[Information provided]
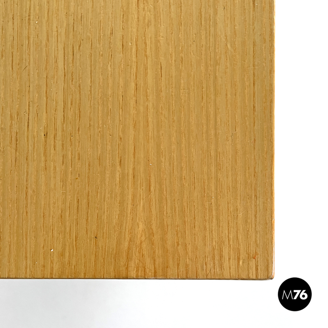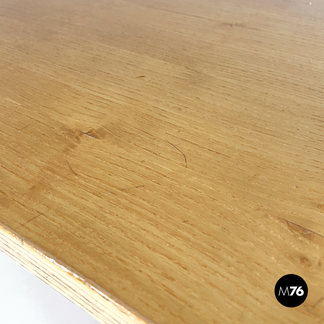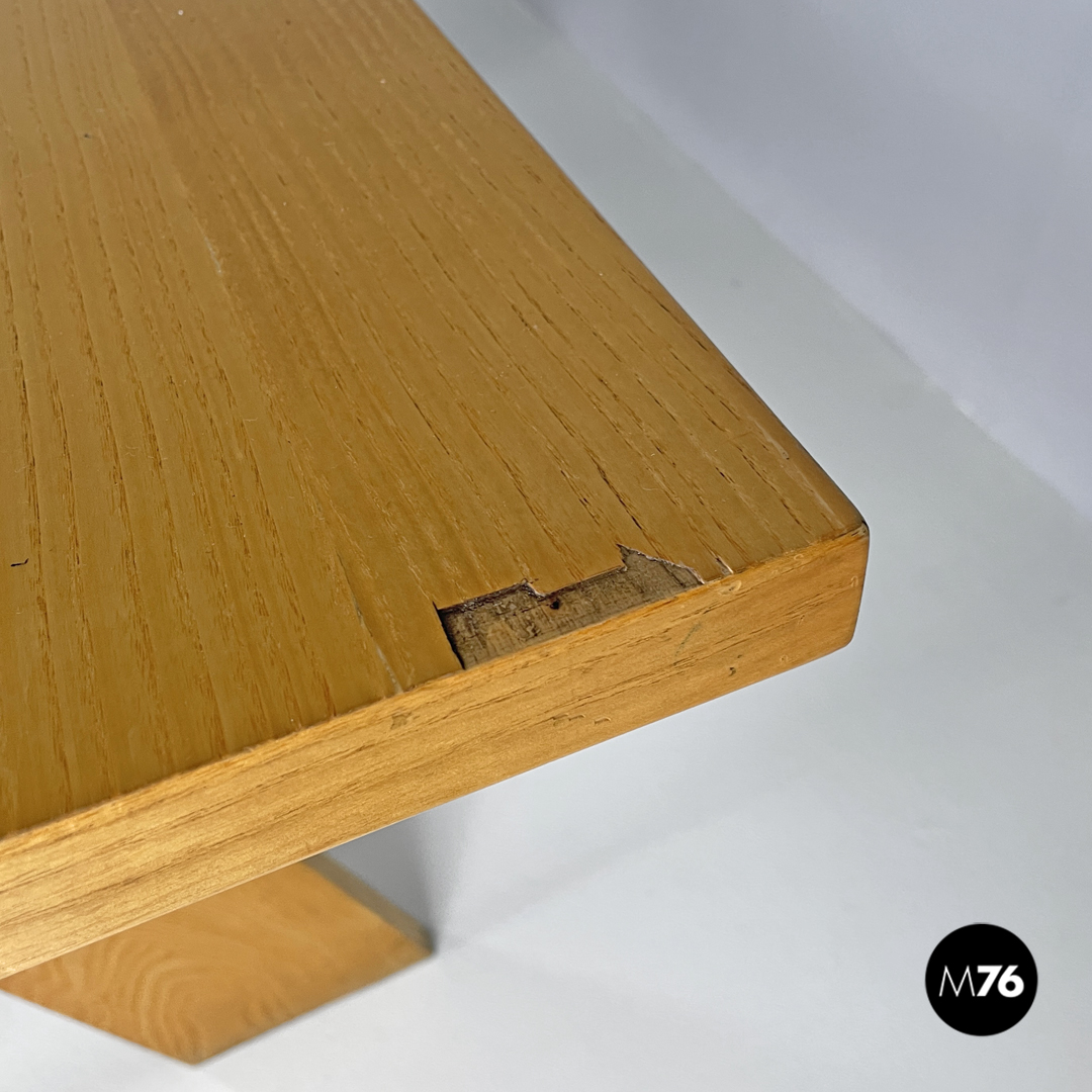 Tavolo da pranzo in legno con pian rettangolare. Le gambe sono composte da due listelli diagonali che si incontrano sotto il piano e si allargano all’appoggio a terra ricordando la forma di una “V”, e sono collegate da una trave.
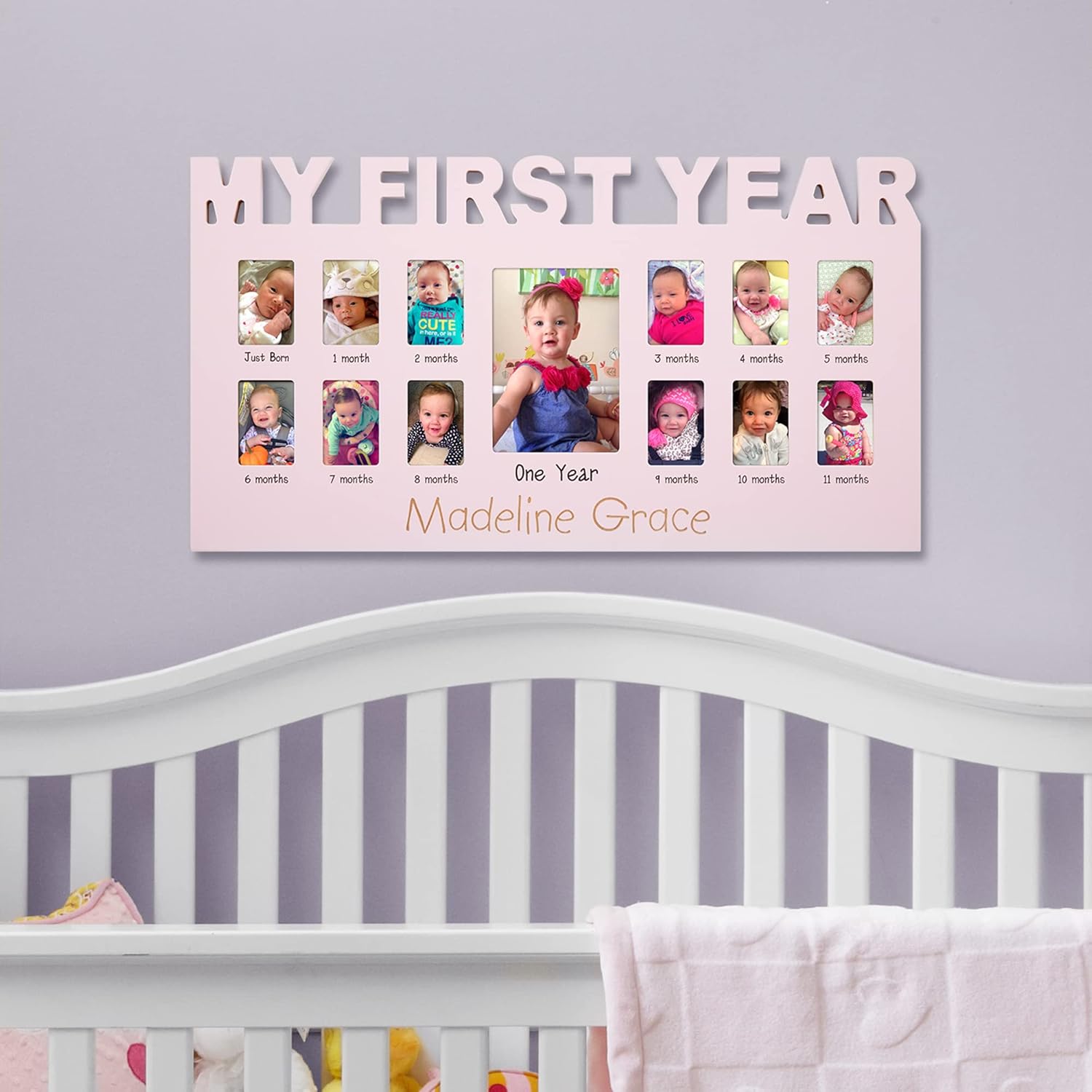 - FIRST YEAR MEMORIES: Track baby's first year growth! This charming frame has a place for the baby's newborn photo and photos for every month up to their first birthday.
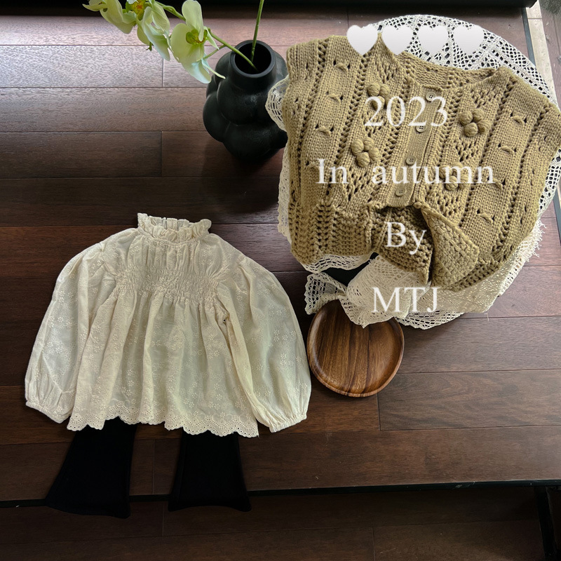 Wheat Field Season 2025, primavera y otoño, nueva ropa de estilo coreano para niños, camisa de muñeca con ribete de encaje para niñas, blusa Floral para niños.
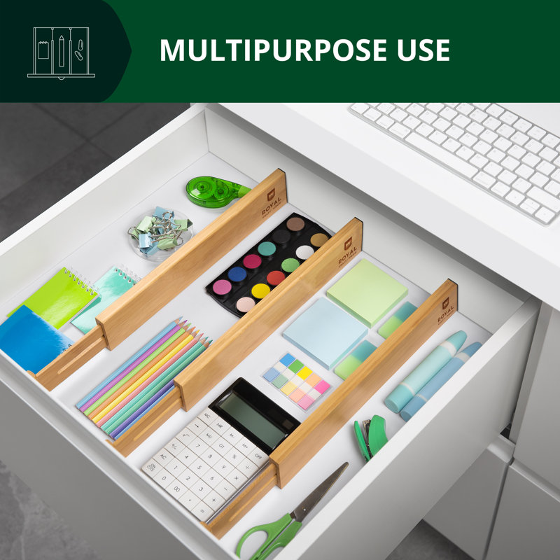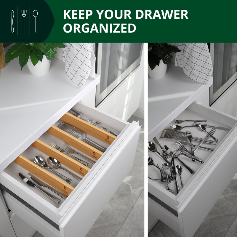Royal Craft Wood bamboo drawer dividers fit perfectly in every drawer. You can adjust the sizes of the organizers as needed without any problem because the wood kitchen drawer dividers from Royal Craft Wood are extendable and adjustable.
[/Information provided]
Reproduce all of the data exactly, omitting each picture it holds.

● Exercise response
 Tavolo da pranzo in legno con pian rettangolare. Le gambe sono composte da due listelli diagonali che si incontrano sotto il piano e si allargano all’appoggio a terra ricordando la forma di una “V”, e sono collegate da una trave.
 - FIRST YEAR MEMORIES: Track baby's first year growth! This charming frame has a place for the baby's newborn photo and photos for every month up to their first birthday.
 Wheat Field Season 2025, primavera y otoño, nueva ropa de estilo coreano para niños, camisa de muñeca con ribete de encaje para niñas, blusa Floral para niños.
Royal Craft Wood bamboo drawer dividers fit perfectly in every drawer. You can adjust the sizes of the organizers as needed without any problem because the wood kitchen drawer dividers from Royal Craft Wood are extendable and adjustable.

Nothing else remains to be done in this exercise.